A good rule of thumb for knowing when a dog needs its nails trimmed is when you hear them hitting the floor.
Long nails can do more harm than good like getting snagged on the carpet, collecting snow and debris and it can even affect the joints in your dog’s paws and legs because it alters the way that they walk.
Long nails can also cause a dog to slip on floors and ice because they can’t get the traction that they need.
Make Nail Trimming a Positive Experience For Your Dog
First, we want to make sure that trimming your dog’s nails at home is a positive experience for them.
This is a step that is often overlooked by many people but it’s one of the most important parts of trimming dog nails.
Let’s keep in mind that if you normally take your dog to a groomer to have their nails trimmed or if the vet does it, this is a totally different experience for your dog.
They are in an unfamiliar setting so their reaction will be different than if they’re having their nails trimmed at home.
We want your dog to be used to having their paws touched in their own home so start playing or touching their paws as soon as you can and reward them each time that they let you do it.
Next, you’ll introduce the nail clippers to your dog.
You’re not going to actually trim the nails but just show your dog the trimmers and reward.
Next, you’ll touch the nail clippers to their paws and reward them.
Lastly, you’ll want to make sure that the environment is something that your dog is comfortable with but not too comfortable with.
For instance, you don’t want to invade their nap time by trimming their nails in their dog bed.
These steps should be done over several days or weeks, not on the same day you plan to trim your dog’s nails.
When you start trimming his nails for the first time, do it slowly.
Trim just one nail a day, barely cutting off the end.
Your goal is to get all nails even with the corresponding paw pad and then keep them that way with regular trims.
Trim every two weeks to maintain the optimal nail length.

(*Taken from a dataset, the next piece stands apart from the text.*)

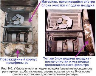 Keywords: Обеспыливание 2012 Рис. 9.6. Влияние техобслуживания и очистки на эффективность.jpg ru Иллюст ация к учебнику по обеспыливанию п и добыче и пе е аботке полезных мине альных ископаемых глава 9 а Рис 9 6 показан блок очистки и подачи воздуха слева у кото ого не п оводилось егуля ное техобслуживание; а сп ава показан тот же блок после очистки и установки дополнительного фильт а en Figure 9 6 Filtration unit showing lack of maintenance and care left side and after cleaning and the addition of a new intake air filtration unit right side 2015-02-14 http //www cdc gov/niosh/mining/works/coversheet1765 html Dust Control Handbook for Industrial Minerals Mining and Processing CDC 2012 Andrew B Cecala Andrew D O Brien Joseph Schall et al other versions Рис 9 6 У блока очистки и подачи воздуха слева не п оводилось егуля ное техобслуживание; сп ава показан тот же блок после очистки и установки дополнительного фильт а PD-USGov Workplace safety Uploaded with UploadWizard
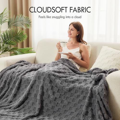 Kaisa Grey Blankets Throw 60″x80″, Ultra Soft Cozy Fleece Blanket for Couch Sofa Bed, 3D Checkered Blankets for Home Decor, Breathable Fleece Warm Lightweight Blankets, Gifts for Girl Woman, Gray

The more you trim overgrown nails, the more the blood vessels will retreat back into the claw.
Prepare The Paws
A step that’s often overlooked when trimming dog nails is to actually take some time to prepare your dog’s paws.
If you have a dog that has long hair, you’ll want to make sure that the hair on the paws is neatly trimmed so that you can see their nails better.
If you’re trimming your dog’s nails after a bath, do it while their paws are wet.
Wet nails are softer and easier to trim than dry nails and if you didn’t trim your dog’s hair, you can easily move it.
Also, make sure to check for any cracked nails before you start trimming.